Statistical Analysis

- Clarify why Shapiro-Wilks test was performed and its impact on the decision to use either parametric or non-parametric analyses.

- Were non-normally distributed variables transformed prior to analysis?

- More detail on the logic of the statistical approach taken is required, including which variables were analysed using which statistical tests.

- Test results for differences between groups should be included in the results section in a table of subjects' baseline characteristics.

Results

In general, a table of the subjects' baseline anthropometrics is required.

Energy deficits induced by CR and EX

- Inconsistent significant figures between energy balance values quoted for CR and EX groups.

Lipoprotein subclass profile

- The differences between groups are very small relative to the reported measurement error. Although it is mentioned that VLDL and IDL are typically low in (fasted?) plasma, this is not a justification for the high CV values reported. If you cannot measure the parameter with sufficient accuracy it should not be measured!

The measurement error and its impact on the results and their interpretation requires further justification and comparison with previous similar measurements.

Discussion

- "...but diet and exercise have never been directly compared" - Yes, they have in the study of Maraki et al (2010), which is cited here as reference number 10!

- Shift in the percent distribution of VLDL particles from larger to smaller VLDL without a change in the average (mean?) particle size - Is this therefore of interest?

- There is no discussion of the potential impact of the large reported measurement error on the results and their interpretation.

- A shift towards a greater number of smaller VLDL particles may only be desirable if they are effectively cleared from the circulation and do not form IDL and VLDL particles.
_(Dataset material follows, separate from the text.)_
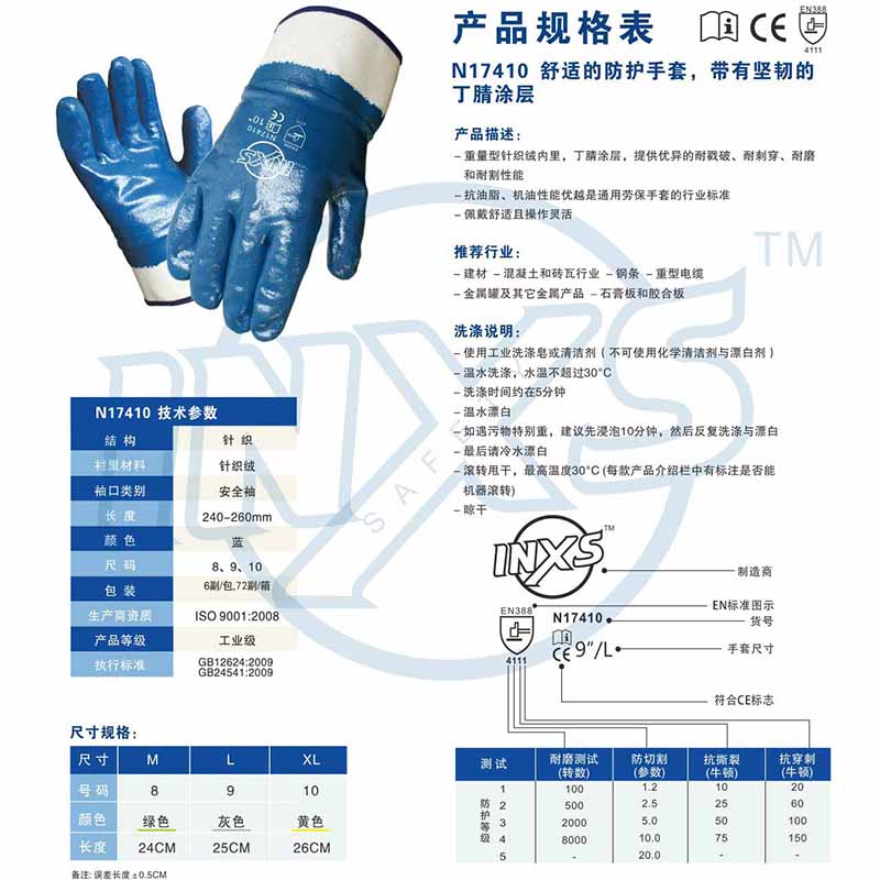 产品名称:赛立特/INXS 丁腈手套耐油耐磨劳保手套N17410

Some more in depth discussion of the potential effects of CR and EX on particle metabolism, including TAG hydrolysis by lipoprotein lipase or hepatic lipase, and particle production and clearance, is required.

- Some discussion and/or speculation on potential mechanisms for the shift in particle size is required. For example, is this due to a greater uptake of triglycerides by heart and skeletal muscle during exercise? Why are there no differences in the effects of exercise and calorie restriction and how may they differentially exert these effects?
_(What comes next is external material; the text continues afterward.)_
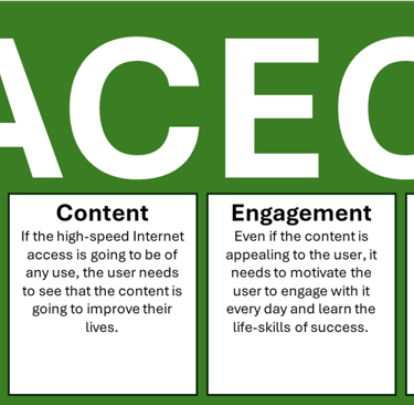 Phase 1 (year 1 with 500k students signed up with laptops and broadband access) - start showcase in the country with 500k students = about 2 million adults who are actively supporting democratic principles of prosperity and freedom. Implement the PR campaign that shows how a country that partners with the US, becomes prosperous and joins them in leading the world.

Author Response Reviewer 1:

General Comments

Introduction

(I have had to use quotations here as the manuscript did not have line numbers.)
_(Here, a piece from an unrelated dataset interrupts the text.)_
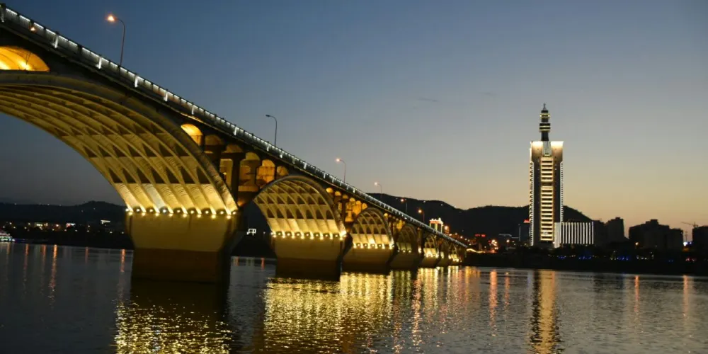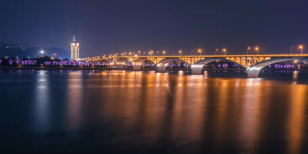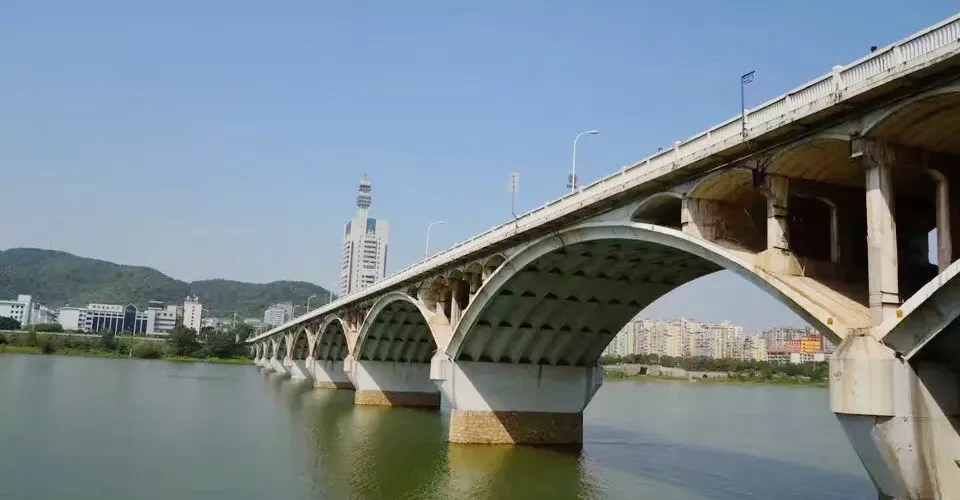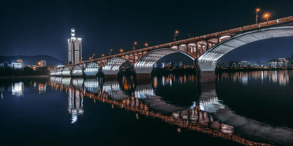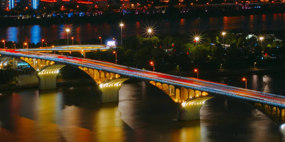 橘子洲大橋,連接著長沙市中心、湘江的橘子洲和江對岸的岳麓區。大橋有支橋,可以直接到達橘子洲公園。在橘子洲公園看橫跨湘江的大橋,一個個石拱,很有氣勢,大橋的岸邊,還能看到色彩艷麗的塗鴉,景色優美讓人驚嘆。

- "Lifestyle factors such as...key in reducing CVD risk" - Please supple reference(s)

Reply: We have added citations to this statement. (page 2)

- "...by a chronic state of negative energy balance, involves tipping the balance between energy intake and energy expenditure" - in which direction?

Reply: We have revised this statement to make it clearer. (page 2)

Reply: The original paper by Maraki (2010) is a review paper and not an original investigation. We are not aware of any paper that specifically evaluated the effects of weight loss vs energy deficit on lipid profile. After reading a later comment of yours, we realized you refer to a different paper by the same author which we cited later on in the manuscript.

Methods

Subjects

- What was the mean (SE) BMI of the participants? Suggest including in a table of baseline anthropometrics in results section.

Reply: We have included a table with baseline characteristics of the participants. (Table 1 on page 6)

- Why were there uneven numbers in the two study arms?

Reply: Initially, 15 subjects were recruited in each group, at which point we performed an interim analysis and decided to recruit an additional 5 subjects in the diet group, because the effect size turned out to be smaller than the one we assumed to adequately power the study. As a result, a total of 15 subjects were recruited in the exercise group (2 dropped out and did not complete all trials, hence 13 completers were analyzed) and a total of 20 subjects were recruited in the diet group (1 dropped out and did not complete all trials, hence 19 completers were analyzed). We have now added this information in the Methods of the revised manuscript. (page 2)

- Were the individuals matched on the basis of age, BMI, percent body fat etc.?

Reply: The two groups were not specifically matched for these attributes a priori, but we did not detect any differences in their baseline characteristics, such as age (P=0.89), sex (P=0.41), BMI (P=0.10), percent body fat (P=0.24), fat mass (P=0.98), and RMR (P=0.38). We now mention this in the Results section of the revised manuscript (text and Table 1 on page 6).

- What was the ethnicity/race of the subjects?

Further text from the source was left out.